Пал Палыч в полном одиночестве сидел на чудом сохранившемся стуле прямо перед остовом гостиницы. Хотел бы он знать, что там, под рухнувшими перекрытиями, действительно есть останки Корнышева. Костомаров лично перевернул бы все эти руины, если бы были силы. Но сил после безумной ночи не было.
Вспарывая дымку светом противотуманных фар, прикатил черный, как после пожара, «Брабус». Левочкин вышел из машины, молча рассматривал картину разрушений. Костомаров со стула не поднялся и вообще никак хозяина не приветствовал.
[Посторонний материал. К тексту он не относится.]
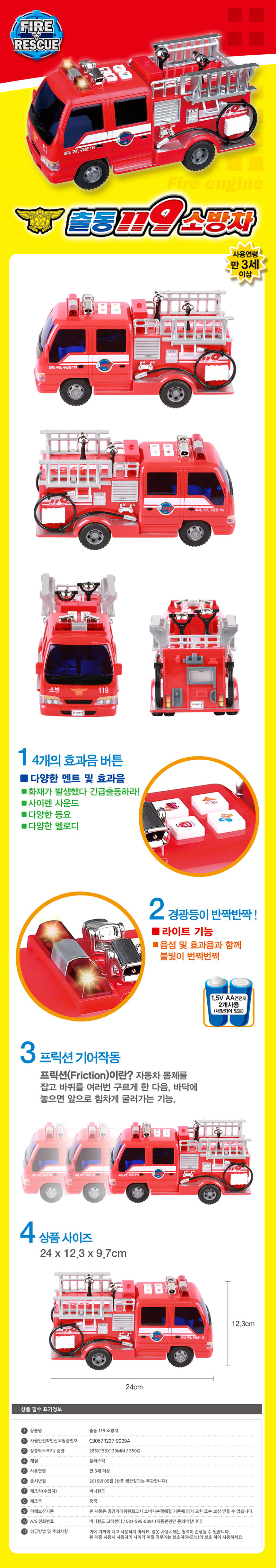 유아 소방차 장난감 효과음 멜로디 동요 프릭션
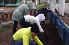Родители и педагоги на субботнике в ДОУ. 13.05.2017
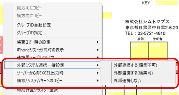 右クリックメニュー「外部システム連携一括設定」から、「外部連携する(編集不可)」「外部連携する(編集可)」「外部連携しない」のいずれかを選択します。
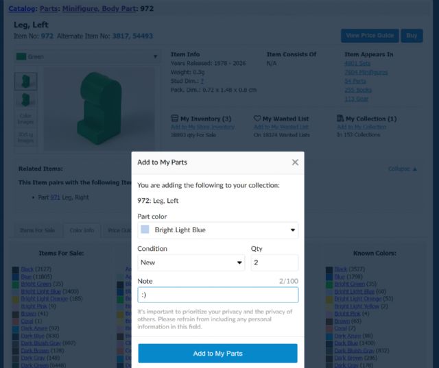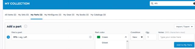 I am inventorying my black pieces and I have some legs. I entered 972 and the
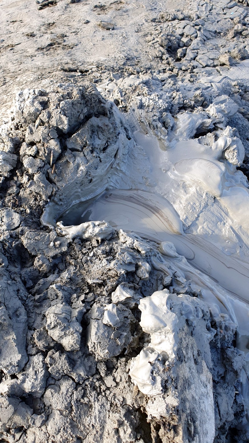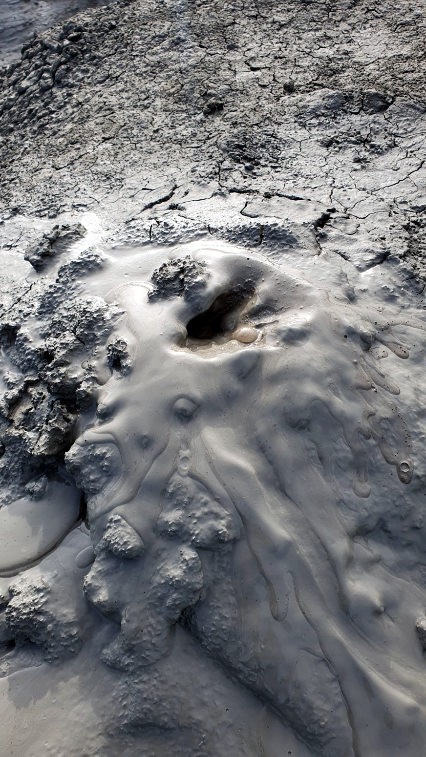 de estos volcanes, se ven grandes burbujas que se forman y estallan instantáneamente en la superficie del lodo.
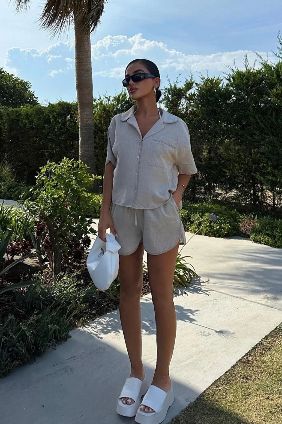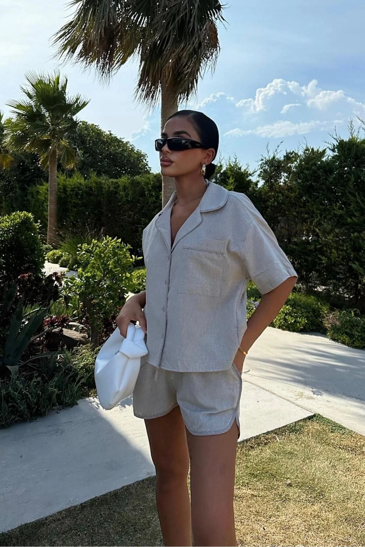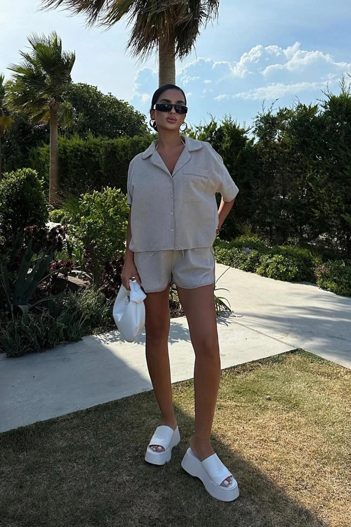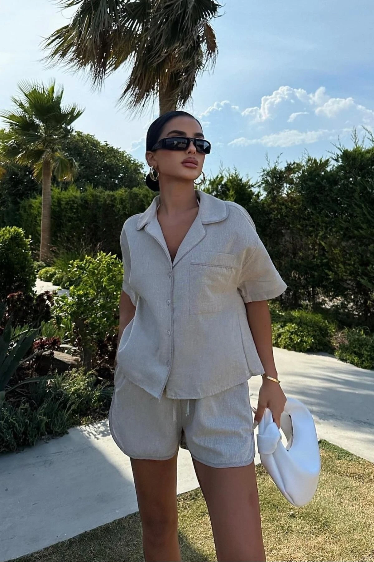 Kadın Taş Kruvaze Cotton Kısa Kol Dokuma İkili Takım

Будто того и не было.
– Нашелся Корнышев? – не выдержал Левочкин.
Хотя уже догадывался о том, каким будет ответ.
– Нет! – коротко ответил Пал Палыч.
У него самого лицо было, как у тех пожарных по завершении работы. Черное, будто гуталином вымазанное.
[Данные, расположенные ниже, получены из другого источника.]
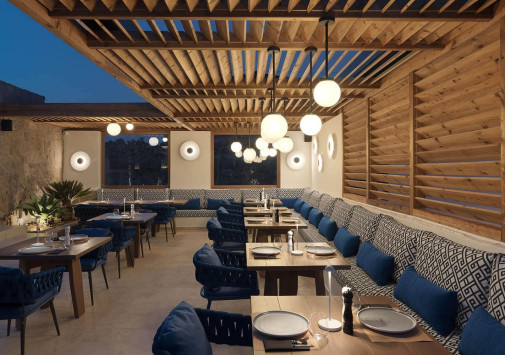 • Стильный ресторан Amyth Kouzina с открытой террасой предлагает изысканные блюда греческой и средиземноморской кухни.
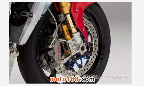 剎車方面不管是出于成本考慮還是實用性考慮也有降檔,從GP廠車的碳纖維剎車碟改成了普通的金屬剎車碟,配備Brembo卡鉗。
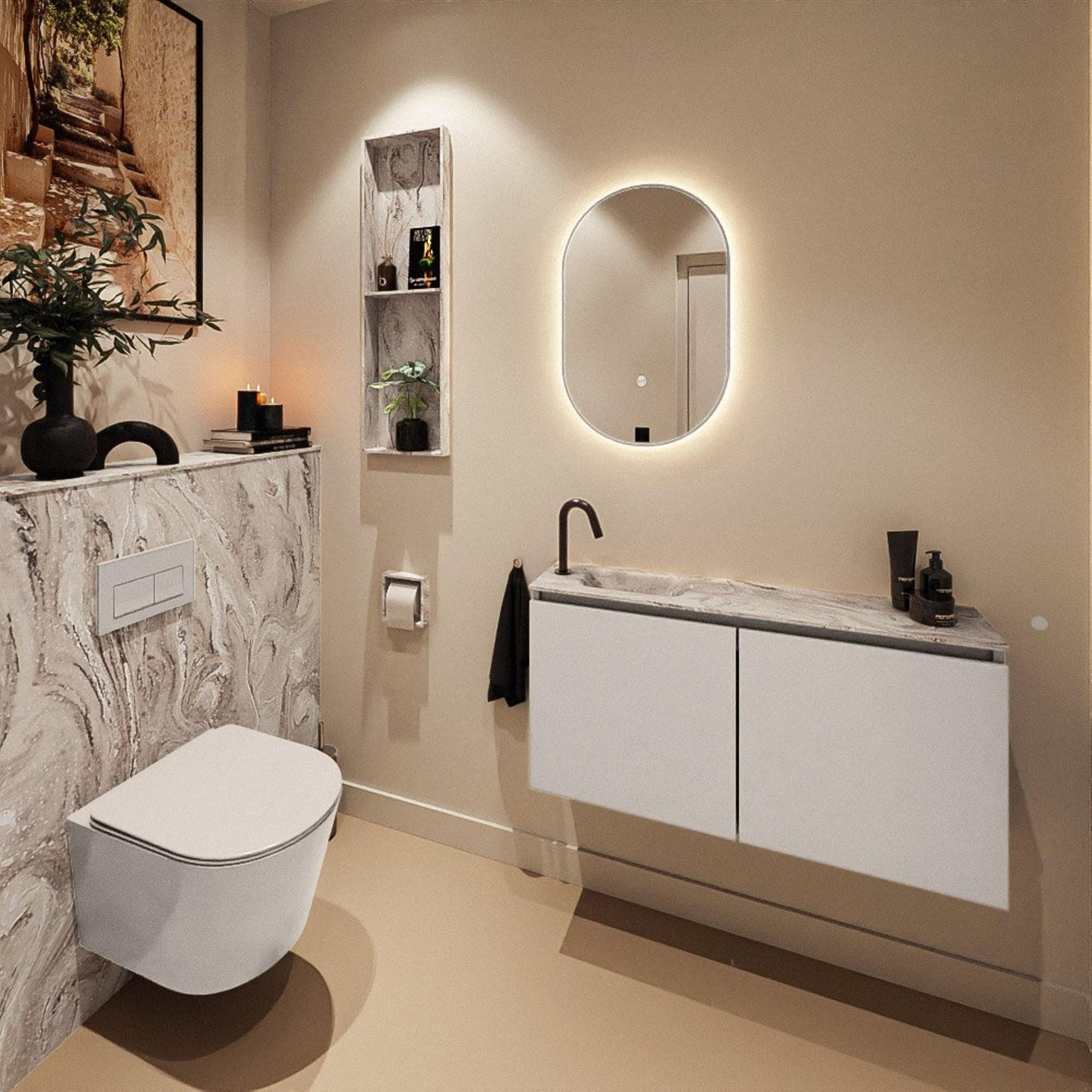 MONDIAZ TURE-DLUX 100cm toiletmeubel Linen. EDEN wastafel Glace positie links. Met 1 kraangat.

Левочкин нервно дернул плечом.
– У меня давно были претензии к твоей работе, – сказал он, глядя на сгоревшую гостиницу. – Ты уволен! С сегодняшнего дня.
И пошел к своему «Брабусу».
Я тебя самого уволю, урод, хотел сказать ему Костомаров. Но с Левочкиным были два телохранителя, и Пал Палыч не стал лезть на рожон.
«Брабус» умчался, оставляя следы на засыпанной пеплом дорожке. Костомаров тоже поднялся. Ему тут нечего было больше делать. Он дошел до своего пижонистого «Ленд Ровера», сел на белую кожу сиденья, не обращая внимания на то, что пачкает салон машины грязной одеждой, и поехал к воротам. Охранник услужливо распахнул ворота, едва завидев «Ленд Ровер». Еще не знал о том, что никакой ему Костомаров уже не шеф.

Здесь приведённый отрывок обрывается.